(„Jim Knopf und Lukas der Lokomotivführer“ directed by Manfred Jenning, 1976)
Mahlzahn? Wer soll denn diese Mahlzahn sein? Die Einwohner von Lummerland sind ganz aufgeregt, als ein Paket für sie ankommt, das für eine Frau Mahlzahn bestimmt sein soll. Denn die kennt hier keiner. Und das ist seltsam, wo doch nur vier Menschen auf der Insel wohnen. Also beschließt König Alfons der Viertel-vor-Zwölfte, dass Frau Waas das Paket an sich nehmen soll, ist sie doch die einzige Frau auf Lummerland. Was hat die dann gestaunt, als sie das Paket aufmacht und einen kleinen Jungen darin findet! Jim tauft sie ihn und soll fortan mit ihr den Gemischtwarenladen führen. Was dieser auch gern tut. Bis zu jenem Tag, als die Eisenbahn Emma abgeschafft werden soll. Das wollen er und der Lokomotivführer Lukas aber nicht akzeptieren. Und so machen sich die beiden auf den Weg über den Ozean und landen bald in einem fremden Land.

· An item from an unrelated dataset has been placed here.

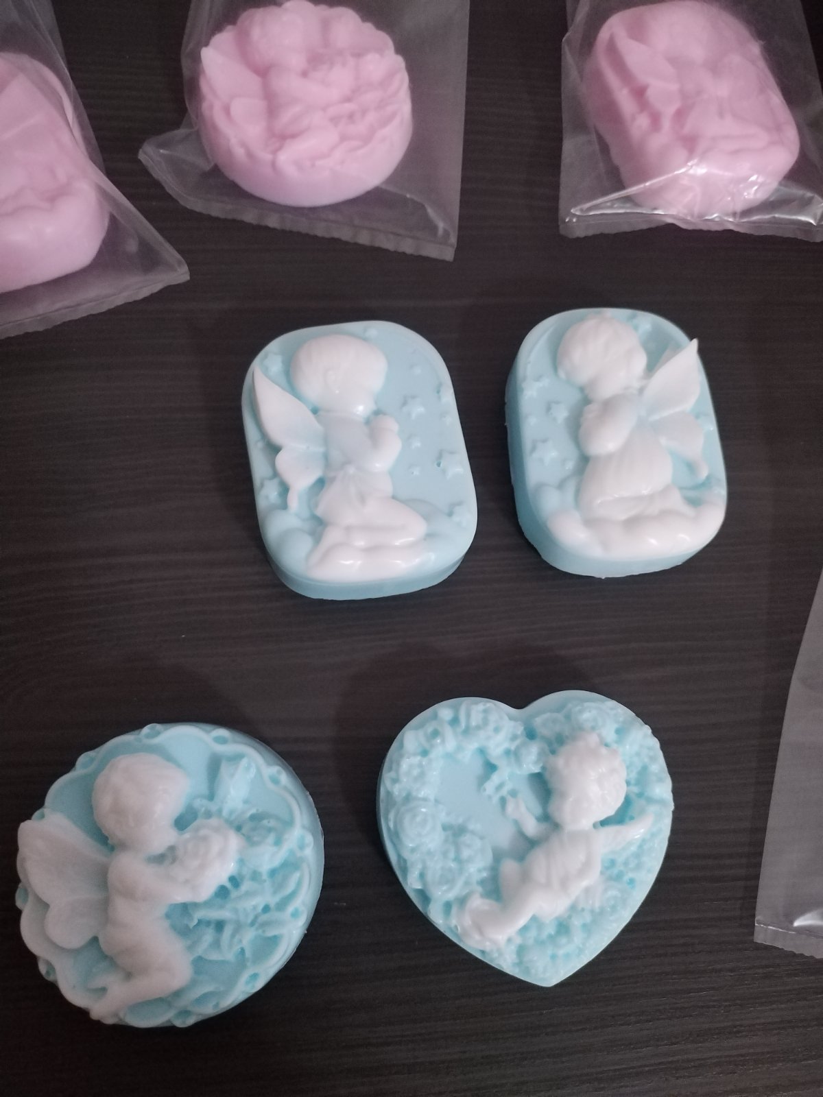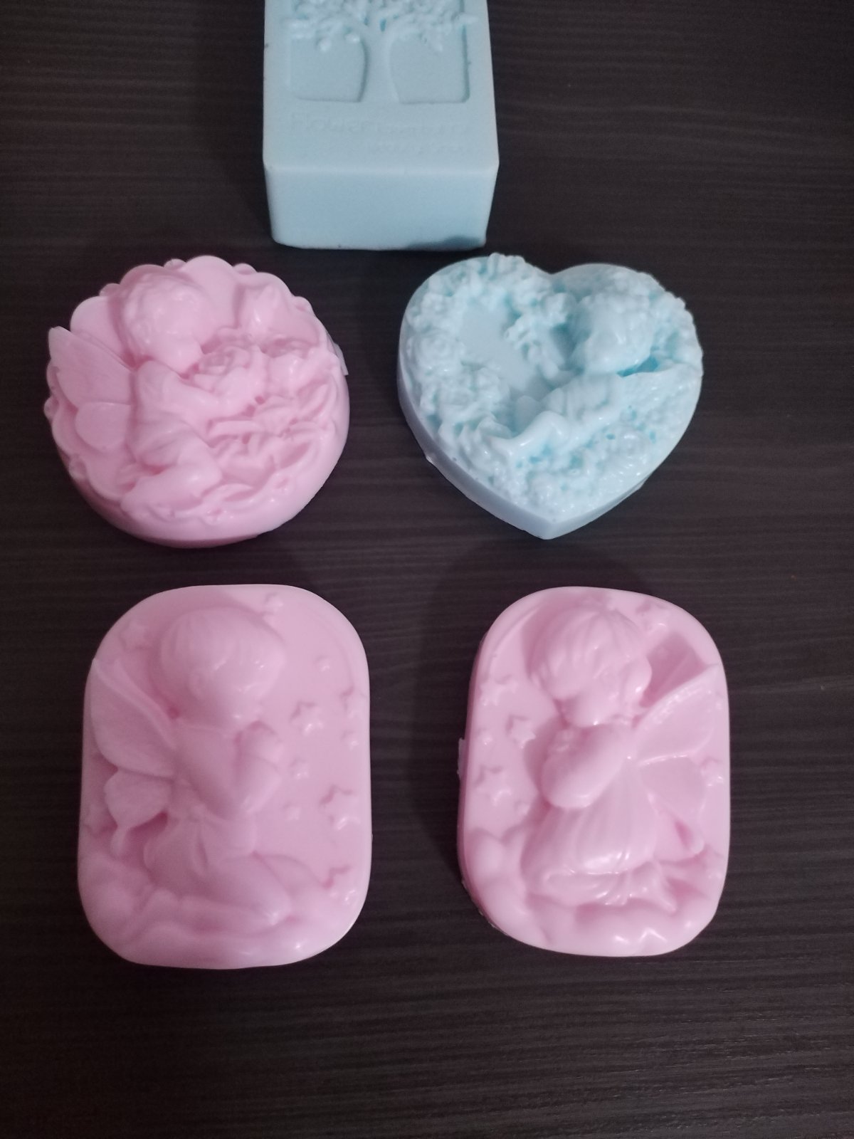 Mydielka modré, modro biele s jemnou nádhernou vôňou akú si vyberiete, rovnako farbu, väčšie po 3 e, menšie ajeliky po 2 e, jemne mydielka, vhodné aj ako darček.

Viele Dutzend Filme und Serien hat die Augsburger Puppenkiste im Laufe ihres bald 70 Jahre langen Bestehens produziert. So viele, dass selbst Fans kaum alle kennen werden. Eine davon kennt jedoch jedes Kind, oder kannte zumindest, wer in den späten 70ern und frühen 80ern ein Kind war: Jim Knopf und Lukas der Lokomotivführer. Schon einmal hatten sich die deutschen Puppenmeister des Buchklassikers von Michael Ende angenommen, 1961 war das, damals noch in Schwarz-Weiß. Berühmter ist jedoch die Neuauflage von 1976, welche dem Kinderbuch noch Farben abringen konnte.
Und von denen gibt es hier mehr als genug: Wenn Jim und Lukas in den vier Folgen einmal um die Welt reisen, das ferne China kennenlernen, die geheimnisvolle Drachenstadt, dann sind da viele Unikate dabei – Figuren wie Orte. Natürlich ist Jim Knopf und Lukas der Lokomotivführer kaum mit heutigen Animationsfilmen zu vergleichen, in denen mithilfe von dreistelligen Millionenbeträgen die wunderbarsten Welten aus dem Computer hüpfen. Da ist die Puppenvariante deutlich einfacher. Und doch ist es wie so oft bei den Augsburgern beeindruckend, wie viel sie aus dem Stoff herausholen konnten. Vor allem wenn das Abenteuer später actionreicher wird, das Duo diversen Gefahren ausgesetzt ist, haben Regieveteran Manfred Jenning und sein Team auch durch die geschickte Wahl von Perspektiven erstaunlich viel Dynamik ins Puppenhaus gebracht. Von den witzigen Figuren ganz zu schweigen.
Die Geschichte selbst ist ohnehin zeitlos, unabhängig von der Inszenierung. Zumindest fast. Wenn Jim anfangs als Negerbaby bezeichnet wird und die Chinesen die seltsamsten Dinge essen, dann ist das eindeutig ein Überbleibsel vergangener Zeiten, in einer heutigen Version wären solche Punkte längst der politischen Korrektheit zum Opfer gefallen. Einem chinesischen Kind den Namen Ping Pong zu geben, würde heute ebenfalls schnell als Rassismus gedeutet werden. Ansonsten aber steht einem Vergnügen im Jahr 2016 aber kaum etwas im Weg. 40 Jahre nach der TV-Produktion bzw. 56 Jahre nach dem Buch unterhält Jim Knopf und Lukas der Lokomotivführer durch seine Mischung aus Abenteuer, das mit viel Einfallsreichtum und Faszination für das Fremde einhergeht, und Humor. Letzterer ist tendenziell natürlich für ein jüngeres Publikum gedacht, wird an einigen Stellen aber so absurd, dass man sich aus als Erwachsener beim Lachen erwischt.